Saturday morning, we drove around for a bit trying to find the Southern Unit Visitor Center, as the TRNP sign was broken (meaning, it wasn’t even there), and Google Maps sent us on a leisurely drive through downtown Medora! Once we arrived, we were thrilled to discover that the main loop in the Southern Unit was indeed open, as of that Friday, which to us meant more wildlife closer to the roads than in summer!
We spent about an hour at this Visitor Center, which includes a wonderful museum dedicated to Teddy Roosevelt (one of our favorite presidents thanks to his conservation aims), his actual cabin and personal items, and a small gift shop. Our sons are huge museum fans, so we spent plenty of time looking at the artifacts and photos!
On our drive through the main loop of the Southern Unit, we scored wild horse sightings in several locations. First was along the Ridgeline Nature Trail. We actually heard them before seeing them. Although off in the distance, it was exciting to watch them grazing their way toward us.
One of the best sightings of the day was in a valley near the Old East Entrance road. We were told we had found the Little Sorrel Band, and there were three foals that were causing quite a stir among the herd. We watched them for about an hour.
We saw various other wildlife including hawks, bison, pronghorn, songbirds, and more.
The most surprising moment of our afternoon came when we were recording a pronghorn on one side of the road who turned to run over the hill behind him. I got out to get a better photo and realized he was running off because a small band of horses were racing across the road toward him, behind our car! It was so incredible to watch the stallion guiding the pace and direction of the mares in his band.

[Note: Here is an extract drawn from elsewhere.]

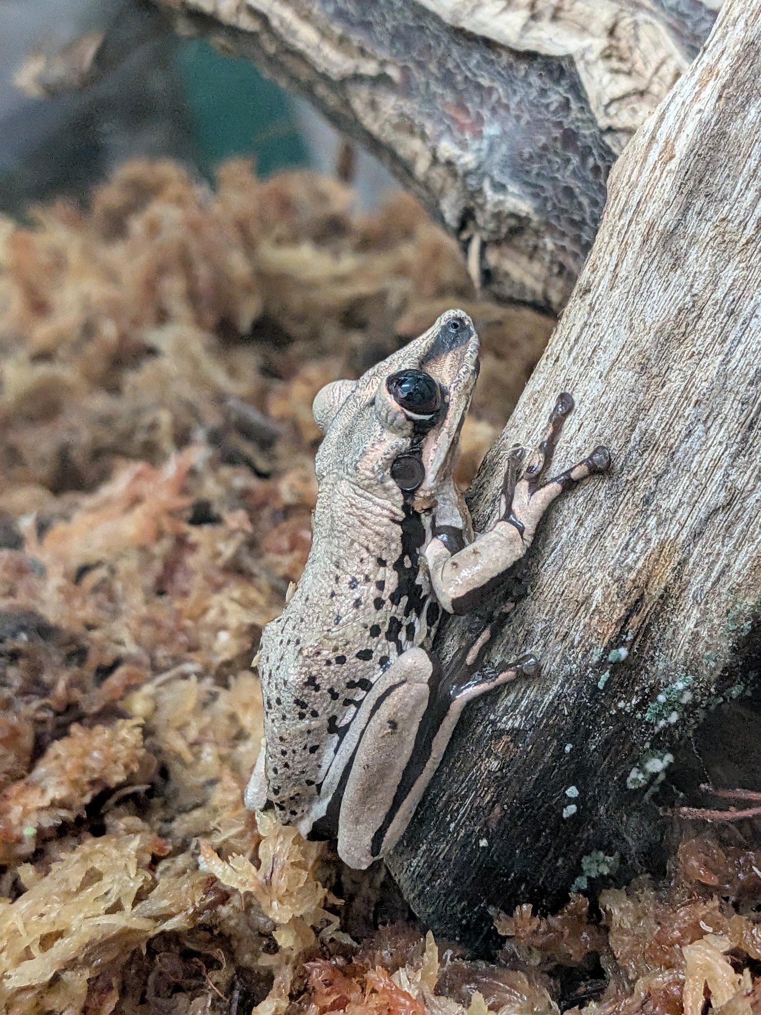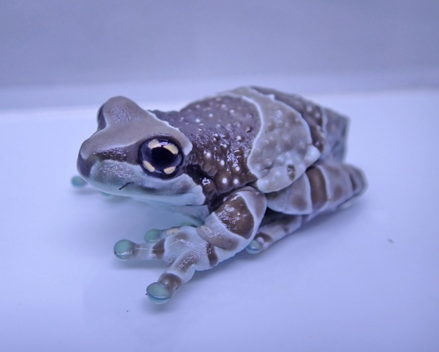 身の危険を感じると皮膚から乳状の白い毒液を出すことから、別名ミルキーフロッグと呼ばれています。水槽の手前側にはり付いている時に見ることができる水色のきれいな指先がおすすめポイントです。

After we went back to our campsite for some dinner, we returned to the park near dusk and looped back through the Southern Unit a little faster than we had during the day. All along the Jules creek were well over thirty horses in separate bands, stretching the length of the valley. We sat on a berm above and across the creek and watched these horses for well over an hour. Even our sons were thrilled to watch!
A few park pointers:
- Get out of your car if you can. There are several short hikes in the Southern Unit, and our sons were able to do them all, even the steep ascent to the “second highest peak” in the park.
- Go in the early or very late summer seasons. We have not been through this park in the summer, but I am sure by its proximity to the interstate and the single loop, the roads will be packed in the summertime, and the loop roads are closed in the off-season.
- 3. If you are camping, stay right in the park. We stayed in a campground in Medora in our RV, which did provide full hook-ups, even before May 1st. However, we looked at the park campground and it is beautiful, right along the Little Missouri River!